Vladimir Putin sent troops to Crimea; no, he didn’t. Fascists now ruling the country threaten ethnic Russians in southern and eastern Ukraine; no, they don’t. The new government in Kiev is illegitimate and Viktor Yanukovich is the only president; no, he is most wanted for crimes against humanity. Euroamaidan was nothing but a coup led by russophobic extremists; no, it was a people’s revolution against a kleptocratic autoracy.
There already was a war on Crimea in the past days, but it has been fought without tanks.
What is happening in Ukraine in these days proves at least two things: that who excluded Putin would invade Crimea was right, and that Putin already invaded Crimea. Let’s see how was this possible.
Russian media – both in Russia and the Russian language ones in Ukraine – covered the news from the barricades in Kyiv in a slightly different way, if compared to western media. This is not a news. But what makes it a novelty is that they did it in two different ways since the Euromaidan revolution started until former Ukrainian president Yanukovich fled the country, and after the new government was appointed. During all the three months of rallies in the Ukrainian capital city, Russian television channels and newspapers indubitably underestimated what was getting more and more the shape of a revolution. News were reported mostly on the background, and usually referred of episodes of violence led by hooligans targeting police and institutions. But all in a sudden – in the days when the Verhovna Rada voted for the destitution of Viktor Yanukovich and elected the new acting president Turchinov – the news from Kyiv started grabbing the headlines in Russia too. The Kremlin’s news war machine started to stake out the ground for Putin’s silent blitzkrieg on Ukraine.
The planned threat
“Russian mobilization is in response to an imaginary threat”, United States Ambassador to the United Nations, Samantha Power, said yesterday during an emergency meeting of the U.N. Security Council. How imaginary is the threat for people being warned of it every day on TV, is hard to say. Reports of people living in terror in a lawless Kyiv and neo-Nazis mobs flooding to Crimea started to fill the news. Ethnic Russian in eastern and southern Ukraine were told that their lives were in danger and that in the rest of the country bloody extremists took the power. Even though people from Crimea I talked to told me they never felt in danger, the mysterious self-defense army soldiers that popped up around airports and other facilities have been saluted like saviors by many. Using soldiers without insignia, saying that they were volunteers of a so-called people’s army, was a cunning trick that reached two goals: give people a sense of confidence making them feeling unsafe at the same time, and deploying troops all around the region before the world could even realize it. Yes, because there is little doubt that those men wearing Russian navy uniforms, behaving like well-trained professional soldiers and equipped with heavy gun machines are nothing but Russian troopers. Just as it happened in any other post-soviet revolution.
The next move
While the international diplomacy is stuck in speeches and declarations, Putin has already his hands on Crimea and can send more troops: Ukrainian army is under siege, mainland mass media are blocked even on the Internet, pro-Ukrainian accounts on VKontakte (the Russian Facebook) shut down and mobile communications cut off. After the infowar, the further step is the cyberwar. Trying to predict the next step is a bet, but given the previous moves, a civil war is unlikely to happen. Crimeans are called to a referendum to join Russia at the end of the month, and this would be a smooth way to grab that land. Results wouldn’t be a surprise and Russian troops will be there to monitor. US, NATO, UN and EU can do very little to push Putin back on his steps and can only negotiated on this basis: what is done is done. But the head of the Kremlin could still slip on a banana skin if his appetite will not be satisfied and will look for a takeover of a bigger slice of Ukraine. In that case, the infowar could be not enough.

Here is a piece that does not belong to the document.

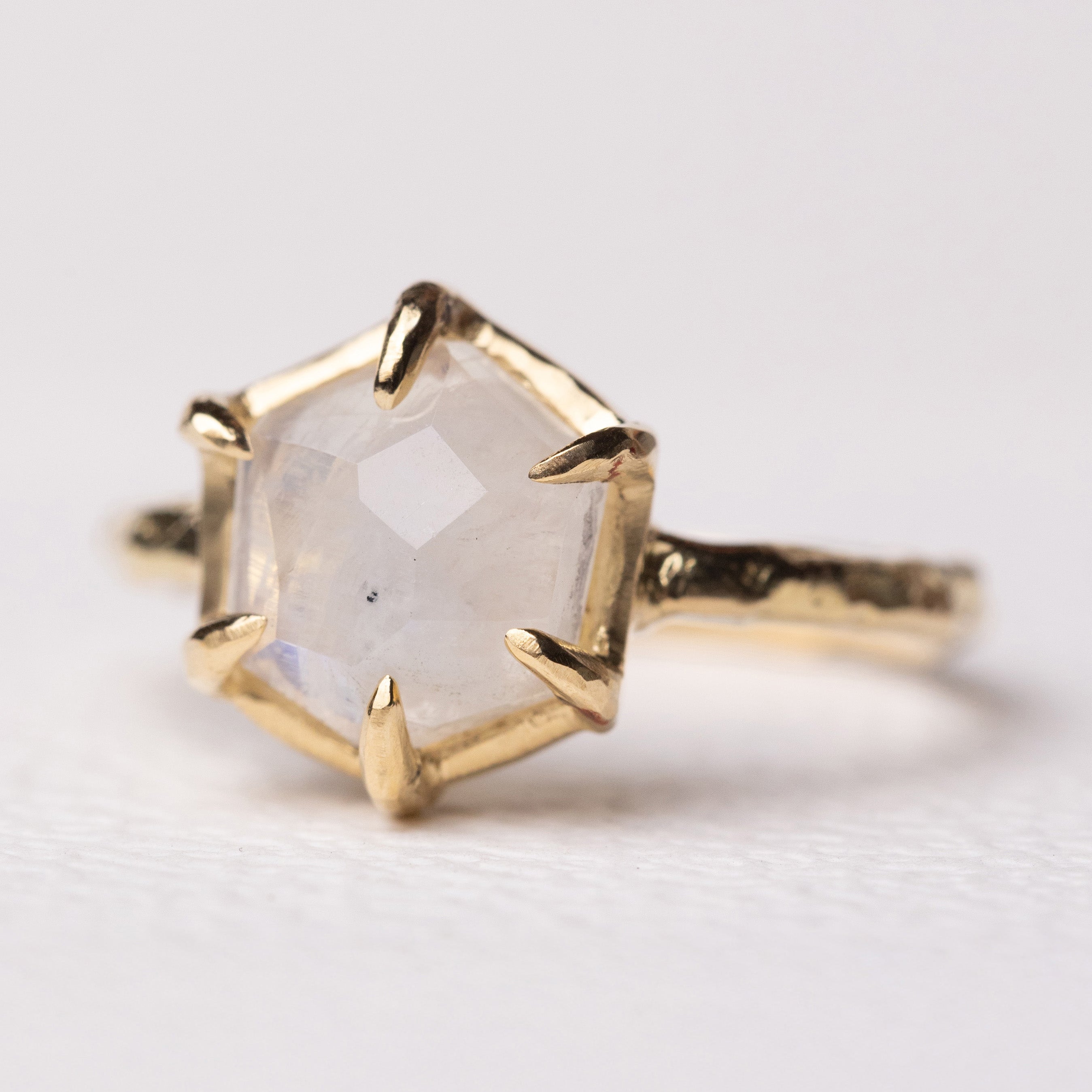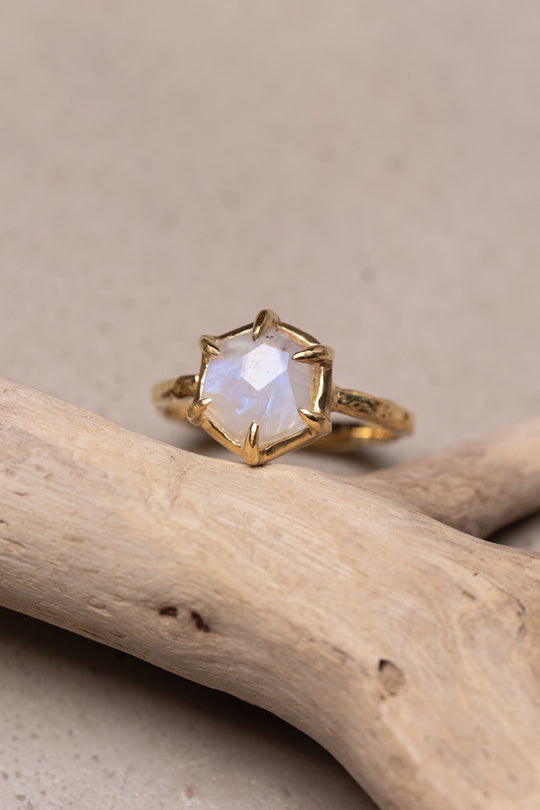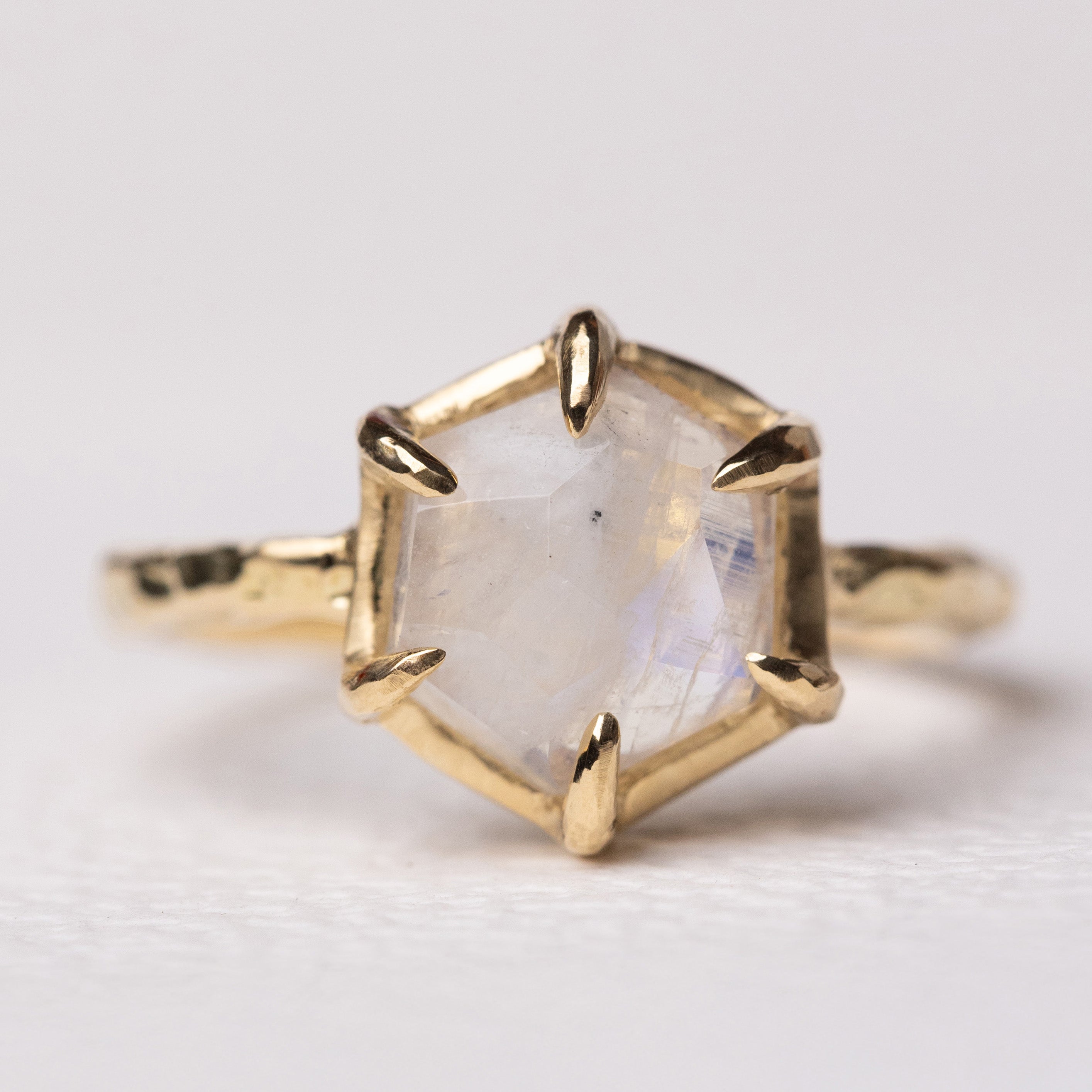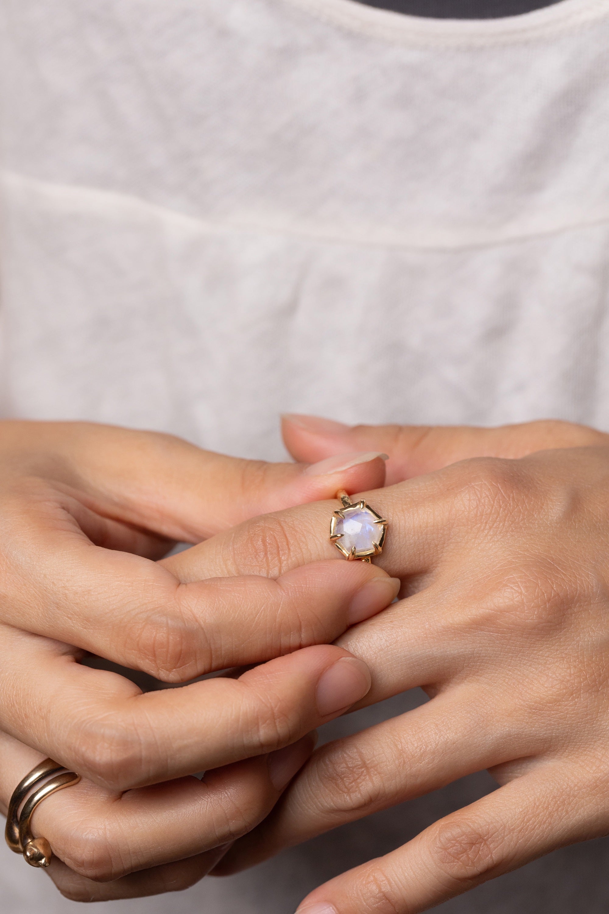 At the heart of this ring lies a hexagon-shaped blue moonstone, its glow shifting with a gentle iridescence. The form feels distinct, offering a different impression that balances geometry with softness.

Vladimir Putin sent troops to Crimea; no, he didn’t. Fascists now ruling the country threaten ethnic Russians in southern and eastern Ukraine; no, they don’t. The new government in Kiev is illegitimate and Viktor Yanukovich is the only president; no, he is most wanted for crimes against humanity. Euroamaidan was nothing but a coup led by russophobic extremists; no, it was a people’s revolution against a kleptocratic autoracy.